Королева Виктория - Кристофер Хибберт
Шрифт:
Интервал:
Закладка:
Поступки принца Артура, получившего в 1874 г. титул герцога Коннотского и Стратернского, никогда не вызывали у матери того раздражения и негодования, которые она часто испытывала от поведения его старшего брата. Действительно, с того самого момента, когда Винтерхальтер изобразил его на картине получающим подарок от герцога Веллингтона в свой первый день рождения, принц Артур никогда не досаждал матери и не разочаровывал ее по каким бы то ни было поводам. Однажды королева призналась его гувернеру, что «восхищалась этим мальчиком с первого дня его жизни», поскольку он никогда не давал ей никаких оснований для беспокойства или огорчения. А его отцу она как-то сказала, что Артур является их любимым ребенком, «более дорогим, чем все остальные дети, вместе взятые». «После тебя, — добавила она в беседе с мужем, — он для меня — самое дорогое существо на земле... Меня страх берет при мысли, что я могу обнаружить в его характере или внешнем виде хотя бы один недостаток. Я очень боюсь, что через некоторое время он вырастет и станет беззащитным перед всяким злом. У меня от этой мысли даже слезы на глаза наворачиваются». Он действительно был для матери «самым дорогим существом» и «лучшим ребенком» из всех, которых ей доводилось когда-либо встречать.
Добродушный, деликатный, послушный, скромный, он был образцовым ребенком.
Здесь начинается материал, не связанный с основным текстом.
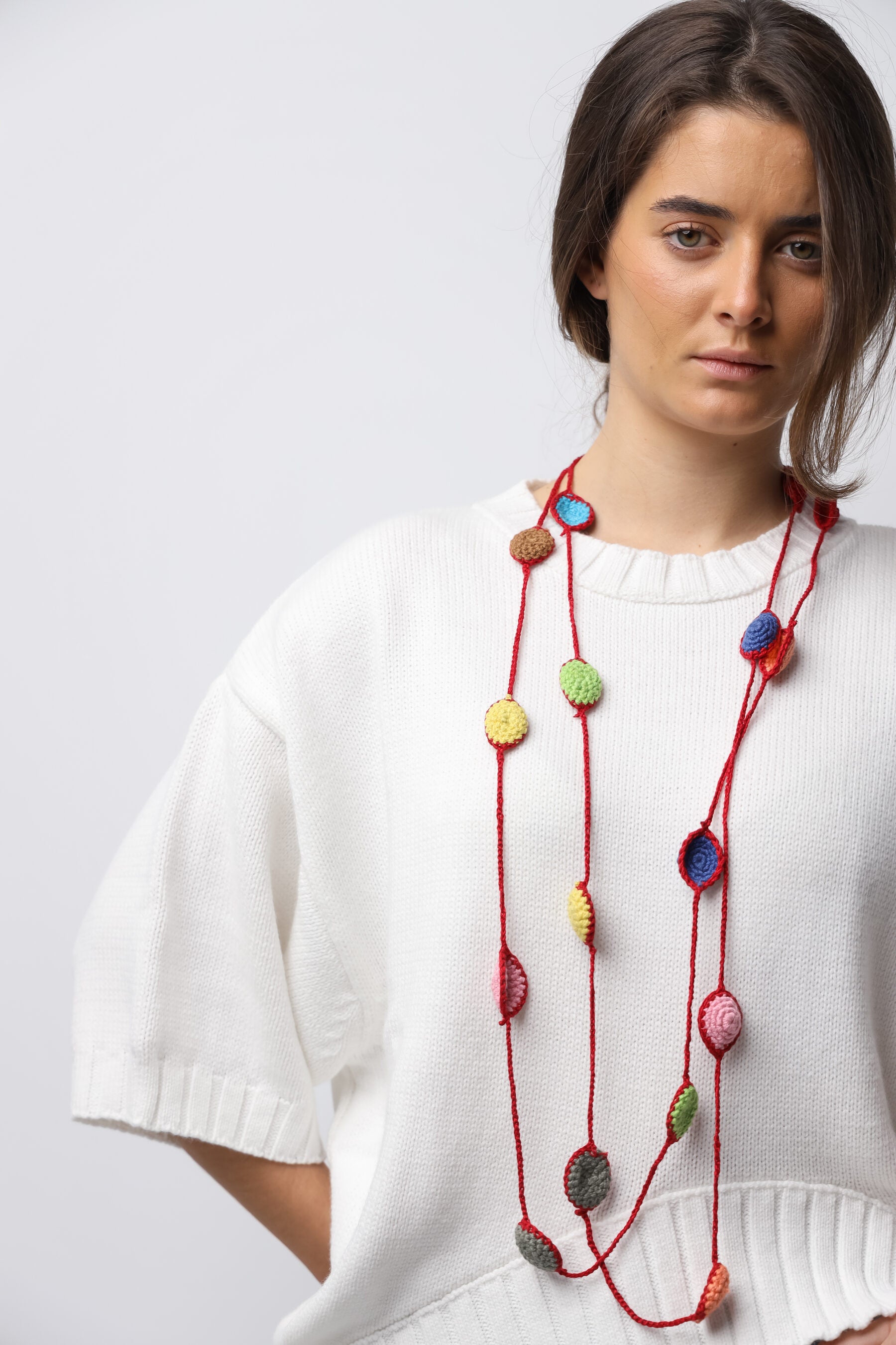Collar en tejido crochet multicolor. Confección artesanal. Cierre ajustable.

Во всех детских спектаклях он играл самые лучшие роли, в то время как его младший брат принц Леопольд всегда поворачивался к зрителям спиной, а сын генерала Грея вообще был застывшим как «палка». Единственным недостатком принца Артура, когда он достаточно подрос, стало его чересчур формальное отношение к слугам. Мать часто повторяла ему, как, впрочем, и всем остальным детям, что слишком высокомерное отношение к подчиненным не делает никому чести и вообще недопустимо в ее доме. «Все эти строгости, — говорила она, — применимы только для мистера Брауна, к которому вы все должны относиться с почтением и делать различия между ним и остальными слугами. Но и к ним нужно относиться с величайшим уважением».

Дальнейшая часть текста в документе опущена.